理由はシンプルで、ヨガインストラクターの収入は「平均」で語れないから。正社員・フリーランス・副業のどれで働くかで、給料も手取りも何倍も変わります。だからこの記事では、信じても意味のない平均額は出しません。代わりに、収入がどういう仕組みで生まれ、どこで詰まり、どうすれば増えるのか——その構造を、働き方別に分解します。
そして、最初にこの記事の結論をお伝えします。収入を本当に左右するのは、担当した本数の多さそのものではありません。その枠が「埋まるか」、そしてその人が「次も戻ってくるか」です。同じ1本でも、毎回満席で常連が戻ってくる枠と、空きが目立つ枠とでは、数か月後に任される時間帯も、時給の見直しも、まるで変わってきます。スタジオは、部屋を埋めて生徒をつなぎとめる人に、良い枠と昇給を渡すからです。本記事は、この「稼働率」と「再来率」を軸に、収入の作り方を読み解いていきます。
なお、業界そのものの飽和や厳しさ、ヨガで生計を立てる全体像が気になる方は、ヨガインストラクターになる前に知っておきたいほんとのところと、ヨガインストラクターの現実とは?年収や業界の様子に整理しています。本記事は「収入をどう作るか」に絞ります。
収入の土台:「単価 × 本数 − 経費」
どの働き方でも、収入はこの式に分解できます。
- 単価:レッスン1本あたりの報酬(雇用なら時給・レッスン給、フリーなら自分で設定する受講料)。
- 本数:月に担当できるレッスン数。ここに体力という上限があります。
- 経費:フリーほど大きい。会場費・交通費・保険・衣装・研修費、そして"無給の準備時間"。

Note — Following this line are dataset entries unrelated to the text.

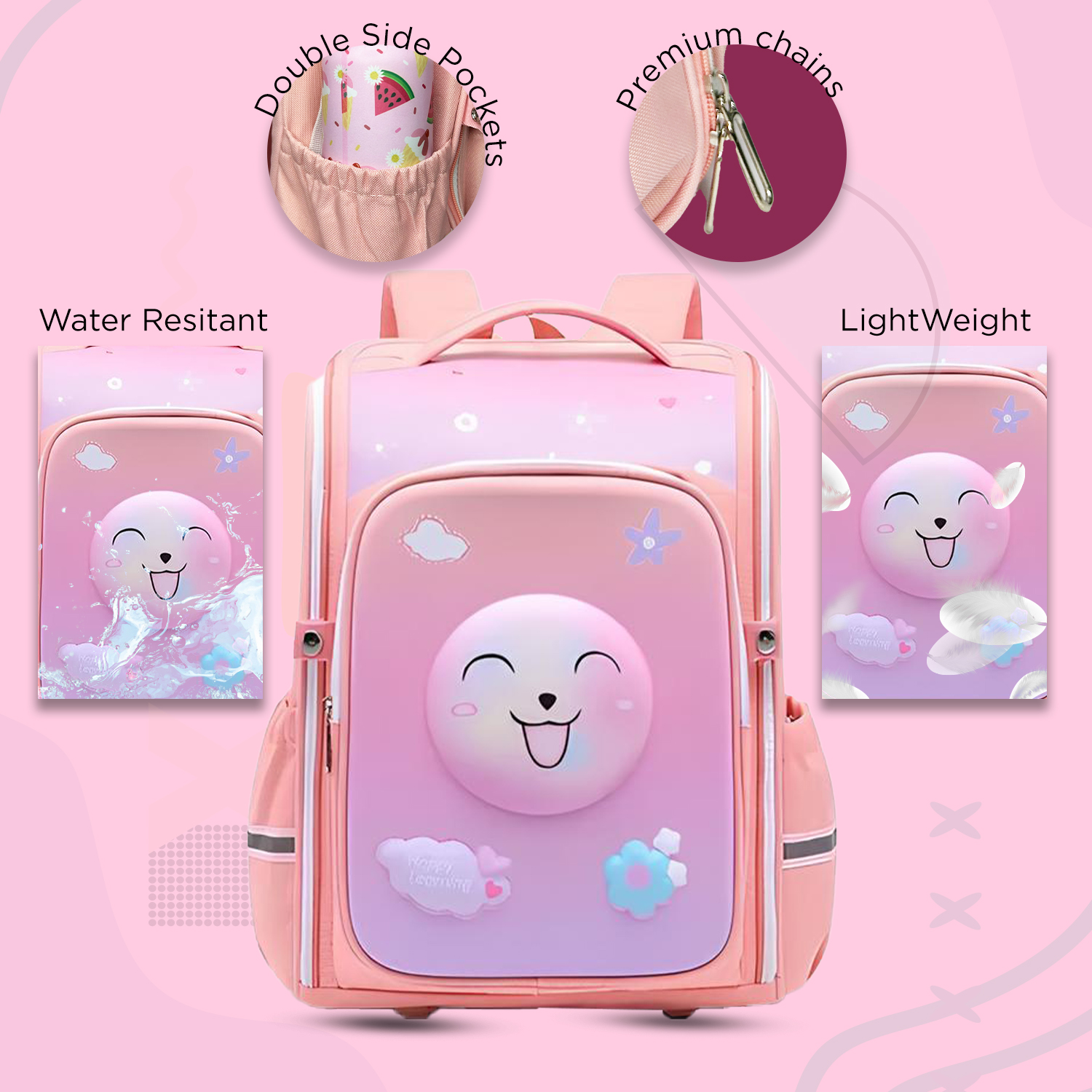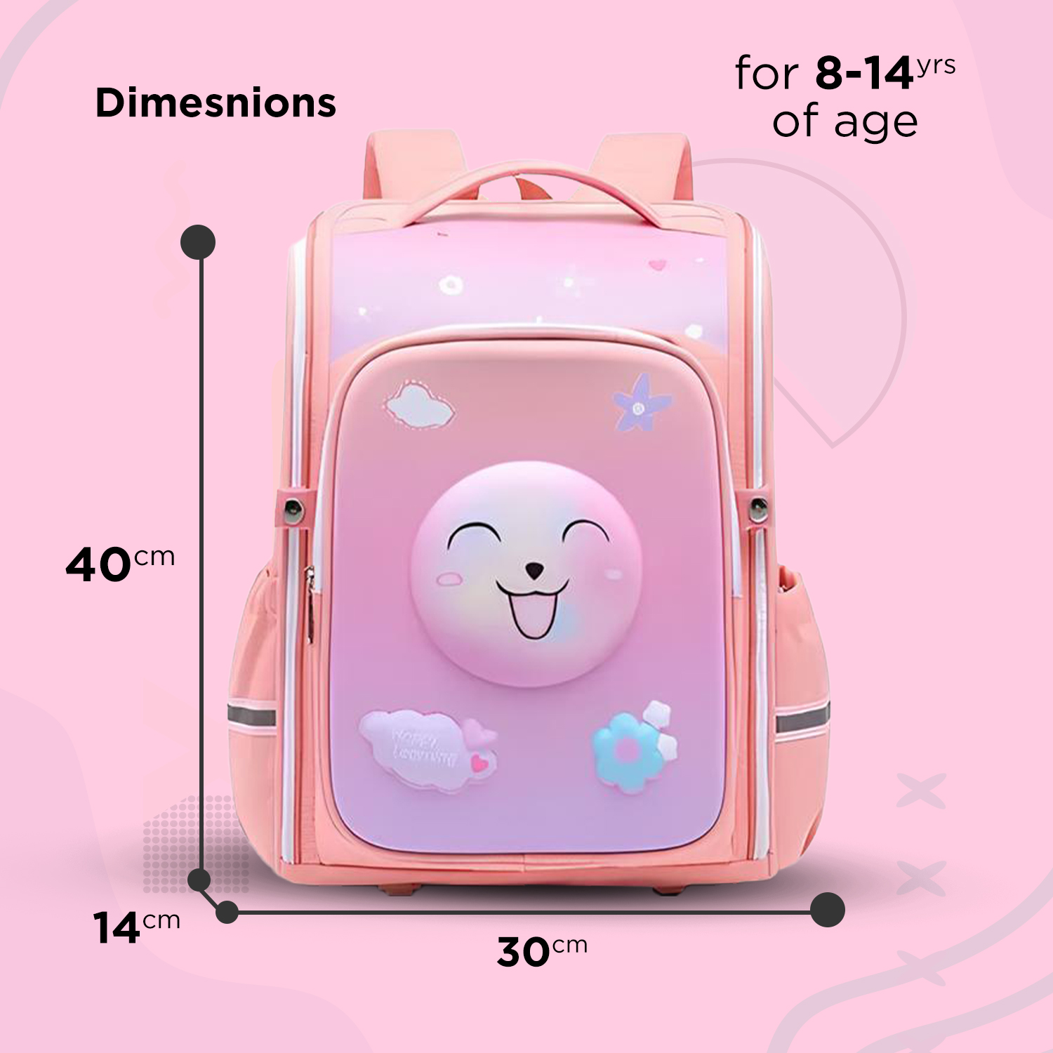 SAGEWARE 3D School Bag for Boys Kids & Girls Backpack for School | Waterproof, Lightweight, Spacious with Multiple Pockets & Durable Zippers for Daily Use (Age of 8-14 years) 3D-Peach
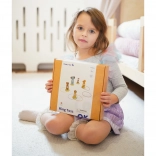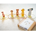Dieses Holz-Wurfspiel mit lieben Tieren (Fuchs, Bär, Löwe, Giraffe und Elefant) lehrt Kinder, Ziele zu treffen, und fördert Feinmotorik sowie Konzentration. Jede Zielscheibe hat eine Zahl – so lernt das Kind ganz natürlich Punkte zu zählen und weitere Würfe zu planen. Die Teile können beliebig aufgestellt werden, sodass sich die Schwierigkeit leicht variieren lässt.
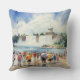 This throw pillow is decorated with a watercolor painting of a Summer day at Niagara Falls.
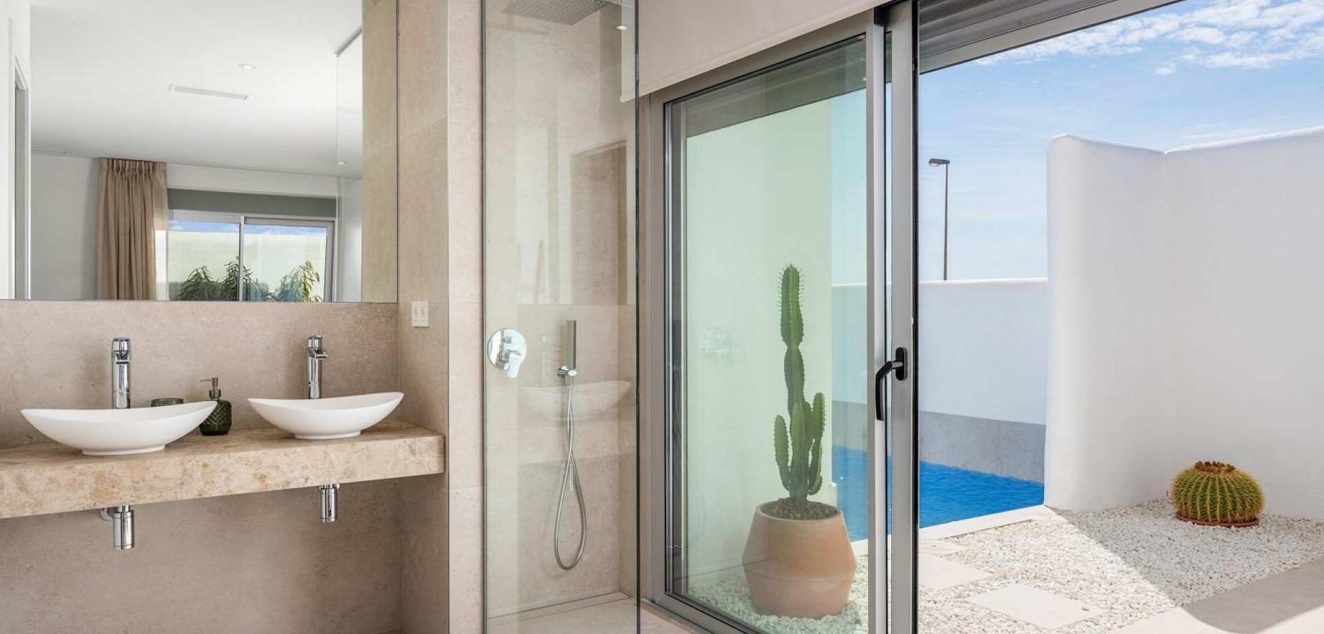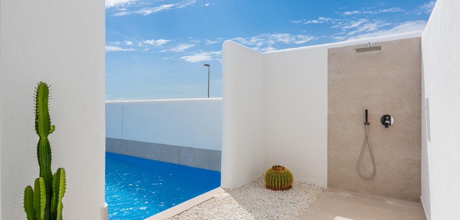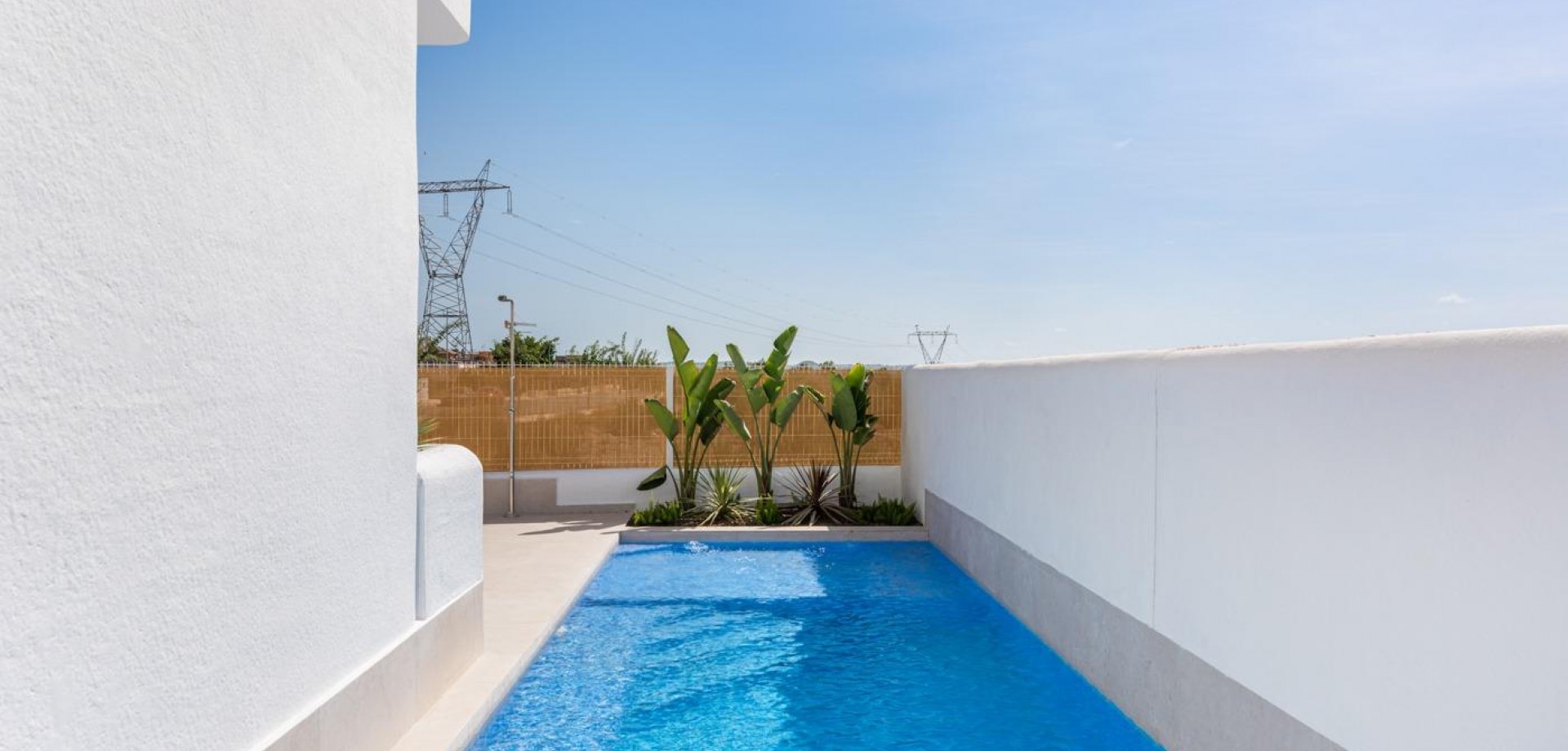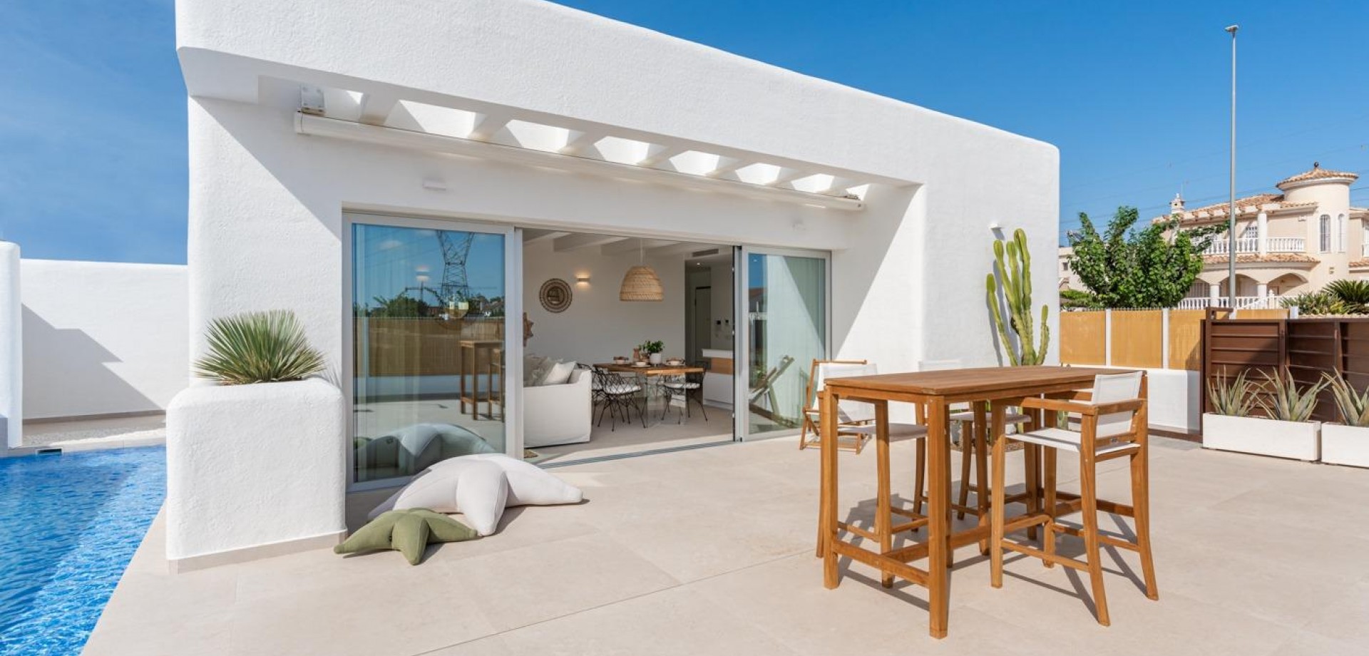 VILLAS DE OBRA NUEVA EN LOS ALCAZARES Villas de obra nueva en Los Alcazares . Villas de obra nueva estilo ibicenco en parcela independiente con terraza, zona de aparcamiento y piscina privada. La vivienda dispone de salón, cocina, 3 dormitorios, 2 baños, y tiene unas vistas privilegiadas. Posibilidad de solarium privado con coste adicional. Viviendas cuidadosamente diseñadas con materiales de alta calidad para satisfacer a los clientes más exigentes. Villas situadas a 1 km de la playa y del pueblo de Los Alcázares, donde se pueden practicar diversos deportes náuticos, rodeados de varios campos de golf. Ciudad de Cartagena a menos de 15 minutos en coche y a 30 minutos del aeropuerto de Murcia Corvera.
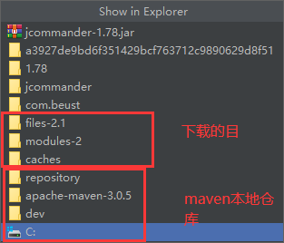 }最后发现工程中并没有引用maven本地仓库的依赖,包括本地仓库已存在的依赖包也没有被引用,而是将所有的依赖下载到本地仓库目录下的caches\modules-2\files-2.1目录中:
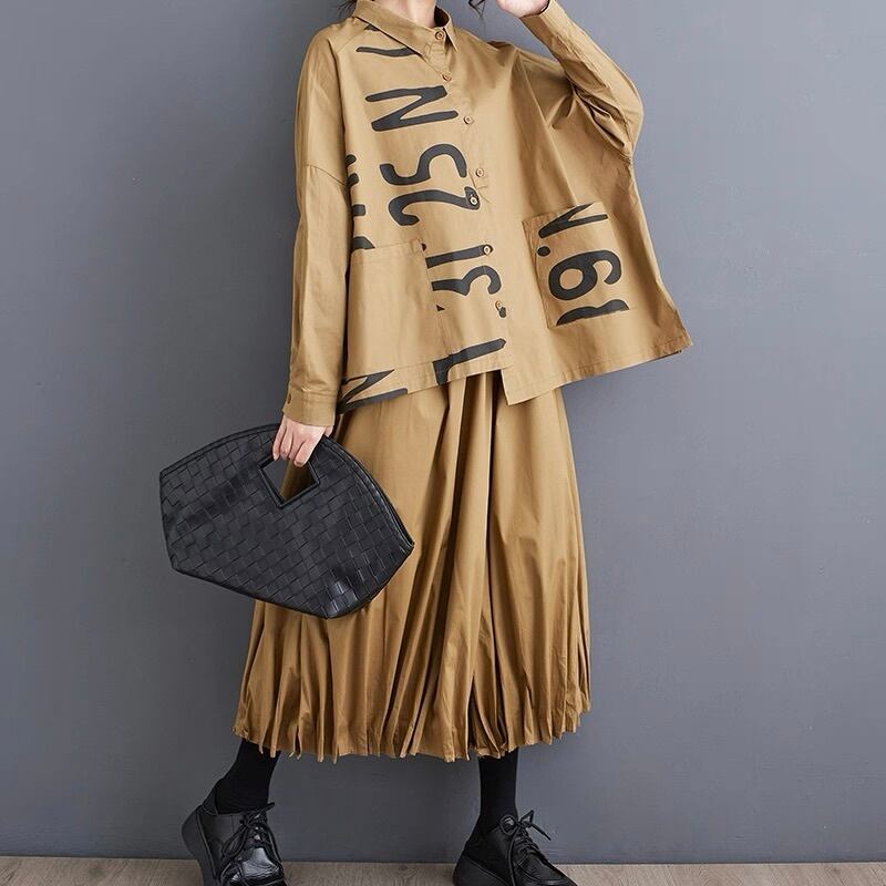 大胆なブラックロゴが映えるベージュカラーのプリントシャツ。
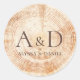 Pegatina Redonda Monograma Boda Rústico Personalizado de leña

ただし、単価と本数は「見えている入力値」にすぎません。同じ単価・同じ本数でも、その枠が埋まるかどうか、来た人が次も戻ってくるかどうかで、数か月後の収入は別物になります。だから収入設計は、本数を増やす前に、「埋まる枠・戻ってくる枠をどう作るか」から考えます。「時給は悪くないのに手取りが少ない」と感じるときは、たいてい本数の上限か経費、あるいは枠の埋まり方が効いています。
働き方別:収入はこう決まる
| 働き方 | 収入の決まり方 | 強み | 弱み・リスク |
|---|---|---|---|
| 正社員・契約(スタジオ) | 固定給+手当(賞与の有無はスタジオ次第) | 収入が安定・集客はスタジオ任せ | 上限が読める・自由度は低め |
| 業務委託(レッスン単位) | 1レッスン単価 × 担当本数 | 掛け持ちで本数を増やせる | 本数=体力が天井・代講リスク |
| フリー(自宅・レンタル・出張) | 自分で設定した受講料 − 会場費等の経費 | 単価・自由度が高い | 集客が自己責任・空き枠は無収入 |
| 副業 | 本業の収入 + レッスン分 | リスクが小さく始めやすい | 稼働時間が限られる |
多くの人は、まず正社員や業務委託で経験と単価の土台を作り、指名や専門性がついてからフリー比率を上げる、という積み上げ方をします。
正直にお伝えします。安定が最優先なら、フリーの単価を追うより、正社員や業務委託のほうが合理的です。フリーは集客が立つまで、むしろ収入が一度目減りする時期を通ることが多く、それは失敗ではなく順番です。「今は安定が要る」のか、「数年かけて単価の天井を上げたい」のか——どちらを今優先するかで、選ぶべき働き方は変わります。働き方の手触りそのものはヨガインストラクターの1日のスケジュールに、続ける人の動機はやりがいと魅力に詳しく書いています。
「ヨガだけでは食べていけない」の正体
この言葉が出るのは、収入に2つの壁があるからです。
ひとつめは、本数の上限。これは気力の問題ではなく、身体の問題です。グループレッスンを続けて担当すれば、音に負けない声を一日に何時間も出し続けることになります。声は、本数を伸ばすほど先に削れていきます。指導はこの声(キューイング)で成り立っているので、声が削れると指導の質まで落ちます。加えて、毎回チャトランガや深い後屈を見本として繰り返せば、負荷は確実に身体へ積み上がっていきます。だから経験を重ねた指導者ほど、本数を足すのをやめ、一本あたりの単価と「本数に頼らない仕組み」へ重心を移していきます。本数だけで伸ばそうとすると、身体が先に天井を打つのです。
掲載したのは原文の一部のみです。